Columns of the ancient Egyptian temple in Thebes.

Each of these huge columns was dragged by slaves along a ramp - an inclined plane. When the column crawled into the pit, sand was raked out through the hole, and then the brick wall was dismantled and the embankment was removed. Thus, for example, the sloping road to the pyramid of Khafre, with an elevation of 46 meters, had about half a kilometer long.

"A body on an inclined plane is held by a force that ... is so many times less in magnitude than the weight of this body, how many times the length of the inclined plane is greater than its height."
it condition for the balance of forces on an inclined plane formulated by the Dutch scientist Simon Stevin (1548-1620).

Drawing on title page S. Stevin's books, with which he confirms his formulation.

The inclined plane at the Krasnoyarsk hydroelectric power station is very ingeniously used. Here, instead of gateways, shipping chamber moving along an inclined overpass. For its movement, a traction force of 4000 kN is required.

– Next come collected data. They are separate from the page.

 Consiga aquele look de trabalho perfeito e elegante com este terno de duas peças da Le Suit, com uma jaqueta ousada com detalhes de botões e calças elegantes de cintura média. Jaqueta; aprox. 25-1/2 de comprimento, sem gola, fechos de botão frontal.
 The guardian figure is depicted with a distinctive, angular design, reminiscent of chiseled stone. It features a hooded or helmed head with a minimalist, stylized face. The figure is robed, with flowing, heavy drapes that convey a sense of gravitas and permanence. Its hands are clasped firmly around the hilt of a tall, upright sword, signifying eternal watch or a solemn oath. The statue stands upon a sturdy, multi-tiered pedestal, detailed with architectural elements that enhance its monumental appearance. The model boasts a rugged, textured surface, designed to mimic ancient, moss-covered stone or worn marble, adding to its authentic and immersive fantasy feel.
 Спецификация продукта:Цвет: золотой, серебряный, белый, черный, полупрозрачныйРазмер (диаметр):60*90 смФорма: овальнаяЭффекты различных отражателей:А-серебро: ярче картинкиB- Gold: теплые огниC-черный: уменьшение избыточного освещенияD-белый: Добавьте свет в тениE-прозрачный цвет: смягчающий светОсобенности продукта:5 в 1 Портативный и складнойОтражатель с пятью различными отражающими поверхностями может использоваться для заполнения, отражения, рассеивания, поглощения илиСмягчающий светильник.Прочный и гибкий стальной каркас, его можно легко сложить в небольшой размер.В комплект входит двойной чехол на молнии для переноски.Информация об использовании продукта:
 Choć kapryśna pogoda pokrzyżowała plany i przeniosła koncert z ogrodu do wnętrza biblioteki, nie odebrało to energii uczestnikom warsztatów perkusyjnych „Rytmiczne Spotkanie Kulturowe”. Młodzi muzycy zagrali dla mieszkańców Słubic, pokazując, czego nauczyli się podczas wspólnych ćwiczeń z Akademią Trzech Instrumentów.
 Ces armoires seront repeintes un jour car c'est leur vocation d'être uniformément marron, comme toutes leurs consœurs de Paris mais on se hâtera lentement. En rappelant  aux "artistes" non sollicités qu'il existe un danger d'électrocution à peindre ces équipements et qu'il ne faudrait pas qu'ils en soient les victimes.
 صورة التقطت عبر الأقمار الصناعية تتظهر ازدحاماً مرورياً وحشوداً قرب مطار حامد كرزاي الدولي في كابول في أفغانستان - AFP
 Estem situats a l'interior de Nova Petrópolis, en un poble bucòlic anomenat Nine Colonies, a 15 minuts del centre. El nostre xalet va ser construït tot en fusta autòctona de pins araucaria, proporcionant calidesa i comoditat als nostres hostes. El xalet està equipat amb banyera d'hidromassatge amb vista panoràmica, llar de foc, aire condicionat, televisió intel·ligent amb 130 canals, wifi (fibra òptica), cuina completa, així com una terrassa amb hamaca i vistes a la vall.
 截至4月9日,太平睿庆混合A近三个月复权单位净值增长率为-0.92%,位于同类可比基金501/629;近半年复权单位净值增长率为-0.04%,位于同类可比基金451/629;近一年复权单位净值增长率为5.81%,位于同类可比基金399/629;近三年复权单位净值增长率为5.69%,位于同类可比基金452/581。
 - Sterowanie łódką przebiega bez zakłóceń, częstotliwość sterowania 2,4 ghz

And why do mountain roads wind in a gentle "serpentine"?

Wedge- one of the varieties of a simple mechanism called "inclined plane". The wedge consists from two inclined planes whose bases are in contact. It is used to obtain a gain in strength, that is, with the help of a smaller force to counteract a larger force.
When chopping firewood, to facilitate the work, a metal wedge is inserted into the crack of the log and beaten on it with the butt of an ax.
The ideal gain in force given by the wedge is equal to the ratio of its length to the thickness at the blunt end. Due to the high friction, its efficiency is so small that the ideal gain does not really matter.

Another type of inclined plane is the screw.
Screw - inclined plane, wound on an axle. The thread of a screw is an inclined plane repeatedly wrapped around a cylinder. The ideal gain in strength given by the wedge is equal to the ratio of its length to the thickness at the blunt end. The real payoff of a wedge is difficult to determine.
Due to the high friction, its efficiency is so small that the ideal gain does not matter much. Depending on the direction of rise of the inclined plane, the screw thread can be left or right.
Examples of simple devices with screw threads − jack, bolt with nut, micrometer, vise.

Other pages on physics topics for grade 7:

"I could turn the Earth with a lever, just give me a fulcrum"

Archimedes

Lever arm- one of the most common and simple types of mechanisms in the world, present both in nature and in the world created by man.They call it a lever solid, which can rotate around some axis. A lever is not necessarily a long and thin object.

The human body as a lever

In the skeleton of animals and humans, all bones that have some freedom of movement are levers, for example, in humans - the bones of the limbs, the lower jaw, the skull, the phalanges of the fingers.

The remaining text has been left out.